Burr linked up with Hautapu playing in the Waikato Draught Premiership A competition but suffered an early set-back when he popped his shoulder in round two.

“I missed the next eight weeks but came back and played nine or ten games on the bounce in the second half of the comp,” he recalls. “We were undefeated across the whole season, and I was picked up by Waikato [provincial side] when we played in our club final.

“I hadn’t been part of the original squad so I was kind of on trial. I think I must have trained quite well with them that week and seemed to do okay in a pre-season match we played because they asked me to stay on. The following week one of the first choice back-rowers broke his leg so I got a starting spot the week after that and managed to hold onto it for the rest of the season.”

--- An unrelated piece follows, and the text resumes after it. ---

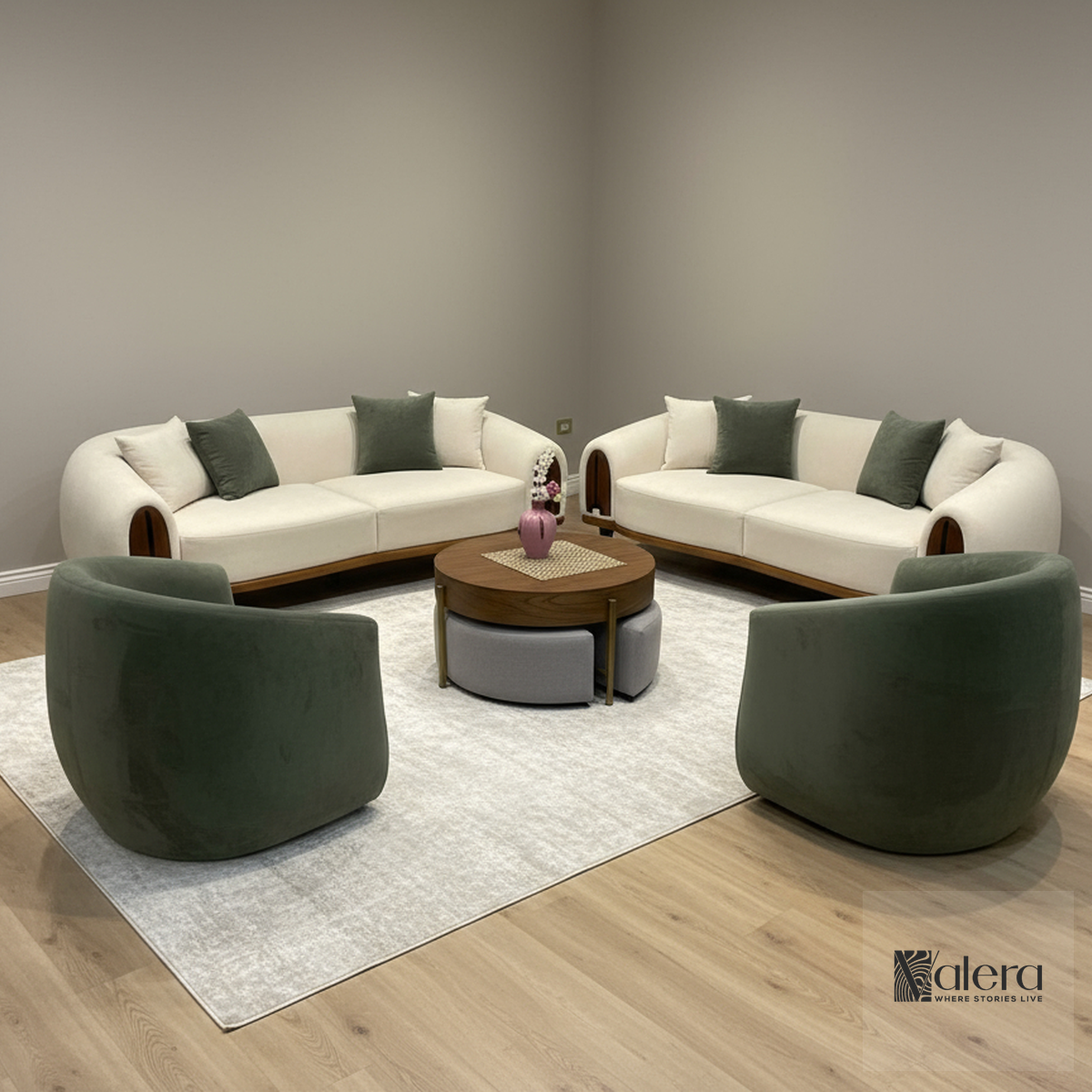 انتريه Valera يجمع بين الراحة والأناقة: كنب منحنٍ بتنجيد ناعم يبرز شكل الظهر، قاعدة خشبية طبيعية تعطي ثباتًا ومتانة، مع كرسيين مخمل بلون أخضر هادئ يضيف لمسة فخامة، وترابيزة قهوة دائرية عملية ببوف سفلي للتخزين أو الجلوس الإضافي. خامات عالية الجودة، تفصيل دقيق للحواف، وألوان متناسقة تناسب الديكورات المودرن والسكندينافية.

Blown away by the Hurricanes

It wasn’t a great campaign for Waikato, who finished sixth out of seven teams in the Premiership table of the Mitre 10 Cup (well short of the play-offs) with three wins and a draw from 10 matches, but Burr must have been doing something right because one morning, whilst working on a local stud farm which had helped him make ends meet since arriving in New Zealand, a call came through from a recruiter telling him that he was being invited to pre-season training with the Hurricanes Super Rugby franchise.

“He wasn’t my agent, or somebody I had dealt with before, so I said ‘yeah, sure’ and didn’t think much more about it, but when I went home for lunch my phone was lit up with messages, so that’s when I realised he wasn’t winding me up.

“They’d picked up a few injuries – to Ardie Savea and a couple of other back-rows – so they needed to bring someone in and my name had been mentioned to them. 24 hours later I was on a plane down to Wellington to start pre-season. It was completely out of the blue. The good thing is that my boss on the stud farm is an avid rugby fan so he just said: ‘Not a worry’. He was pretty stoked for me.

“I was with Hurricanes for seven weeks and it was unreal. I was only expecting to be there until Christmas but they extended it into the New Year, so I was quite pleased.

“After Christmas, it was a chance to train with All Blacks players like TJ Perenara and so on. It was definitely something I will always remember, and I learnt a lot from the experience.  Even before Christmas, the fitness element is completely different over here – you actually play rugby!”

He managed to pick up half an hour off the bench for the Hurricanes in a pre-season match against the Crusaders.“That was a bit of a step-up but I think I got away with it!” he shrugs, self-deprecatingly.

“It was definitely a deep-end moment, but as long as you go low in the tackle, try to pass the ball as often as possible and work hard, then you are alright. I also played an internal game with fitness alongside it, which was pretty full-on as well.”

Burr was eventually released by the Hurricanes at the end of January and returned to Waikato to play some development games, which led to his next brush with the Super Rugby environment when he was called into the Chiefs’ development squad for a match against the Blues, before lockdown arrived to put everything on ice for three months.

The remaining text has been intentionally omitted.